After an incubation period of 24 hours, all the extracts of the three types of tea showed inhibitory effect on the growth of S. mutans [Table 3]. The zones of inhibition with the various extracts of three types of tea were compared in the following order: (a) methanol extracts, (b) ethanol extracts, (c) aqueous extracts, (d) aqueous extracts vs organic extracts and (e) chlorhexidine vs organic and aqueous extracts.{Table 3}

Amongst the methanol extracts both oolong tea and green tea showed significantly greater inhibition zones than black tea extract. Ethanol extract of oolong tea showed greater inhibition than extract of green and black tea; the difference was moderately significant. Aqueous extracts (i.e., 50% and 100%) of both oolong and green tea showed significantly greater zones of inhibition when compared to that of black tea [Table 3].

In comparison to methanol extracts, both aqueous extracts of green tea showed significant inhibition of S. mutans growth. Aqueous extracts (50% and 100%) of oolong tea and green tea showed significantly greater zones of inhibition than their respective ethanol extracts. There was no significant difference between the organic and aqueous extracts of black tea [Table 4] and [Table 5].{Table 4}{Table 5}

The methanol extract and aqueous extract (100%) of oolong tea showed significantly greater inhibition of S. mutans than chlorhexidine (0.2%) [Table 6] and [Table 7].{Table 6}{Table 7}


The chemical composition of tea is complex; tea contains polyphenols, alkaloids (caffeine, theophylline, and theobromine), amino acids, carbohydrates, proteins, chlorophyll, volatile compounds, minerals, trace elements, and other unidentified compounds. [13] Among these, polyphenols constitute the most interesting group and are the main bioactive molecules in tea [14] and, in consequence, tea can be considered an important dietary source of polyphenols, particularly flavonoids. Flavonoids are phenol derivatives synthesized in substantial amounts (0.5%-1.5%) and variety (more than 4000 identified) and are widely distributed among plants. [15] The main flavonoids present in tea are the polyphenolic catechins (flavon-3-ols), namely epigallocatechin-3-gallate (EGCG), epigallocatechin (EGC), epicatechin-3-gallate (ECG), and epicatechin (EC). The tea catechins, in particular, are major constituents of fresh tea leaves. [16] These constituents are oxidized during fermentation to yield a complex mixture of secondary polyphenols, including theaflavins, theasinensins, and oolongtheanins (derived from epigallocatechins and/or epigallocatechin gallate via theasinensins by enzymatic oxidation). [17] However, most of the secondary polyphenols in black tea have not yet been chemically characterized because of their complexity and the difficulties associated with their separation and purification.
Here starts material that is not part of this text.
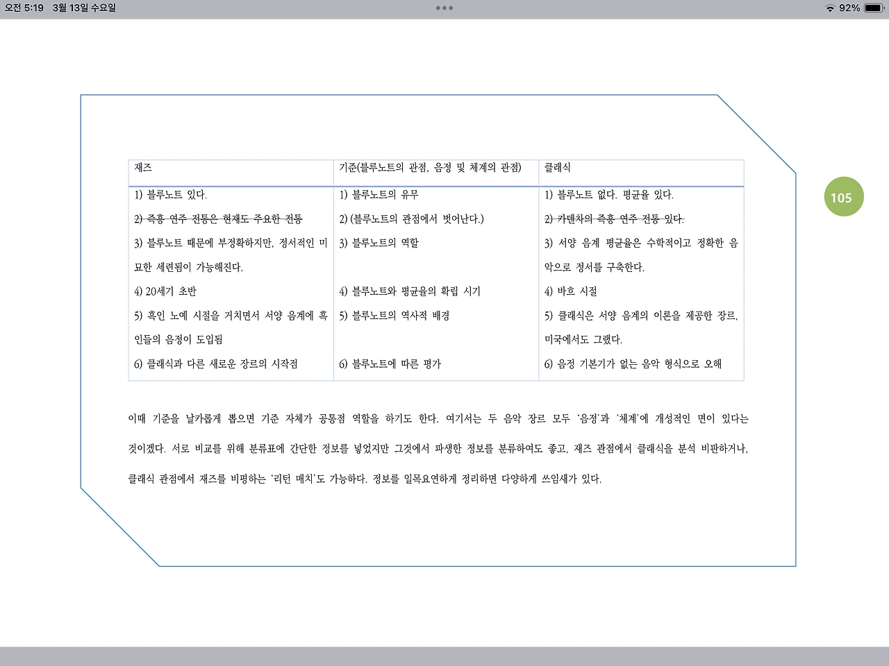 아니면 검색을 해보아도 이 정도는 기본적으로 쉽게 수집할 수 있어요. 그러면 결국 블루노트의 관점에서 재즈의 성향이 어떻게 되는데, 평균율 때문에 클래식은 어땠는지 살피겠죠. 혹시 블루노트와 직접적으로 비교할 전통, 네, 카덴차 전통은 없었는지 그 시기가 언제쯤이었고 지금은 왜 교향곡 등의 대규모 형식이 발달했는지, 이런 질문이 꼬리를 물죠. 당연히 블루노트도 등장한 시기, 구체적으로 어떻게 정의되는지, 현재도 그런지 등등 다양한 질문이 파생해요. 그리고 그 질문을 잘 보면 블루노트라는 관점에서 계속 구분되고 분류되는 과정으로 분석이 진행된다는 것을 알 수 있어요.

Oolong tea also contains considerable amounts of catechins and oligomerized catechins. [18]

To the best of our knowledge, most of the previous studies have been done with purified organic extracts of green tea, oolong tea, and black tea. In our study only crude extracts of the different types of tea, which can be obtained with simple laboratory procedures, were prepared. Since tea is consumed regularly in the aqueous form (tea infusion) this study was carried out to determine the effect of aqueous extracts of tea on S. mutans growth and to compare the effect with that of organic extracts of tea. A high concentration (50% and 100%) of crude aqueous extracts of all the three types of tea were prepared, as a pilot study conducted earlier showed no effect on S. mutans growth with 1% and 2% aqueous extracts of all three types of tea. We used 0.2% chlorhexidine as a positive control in this study due to its known antibacterial action. [19]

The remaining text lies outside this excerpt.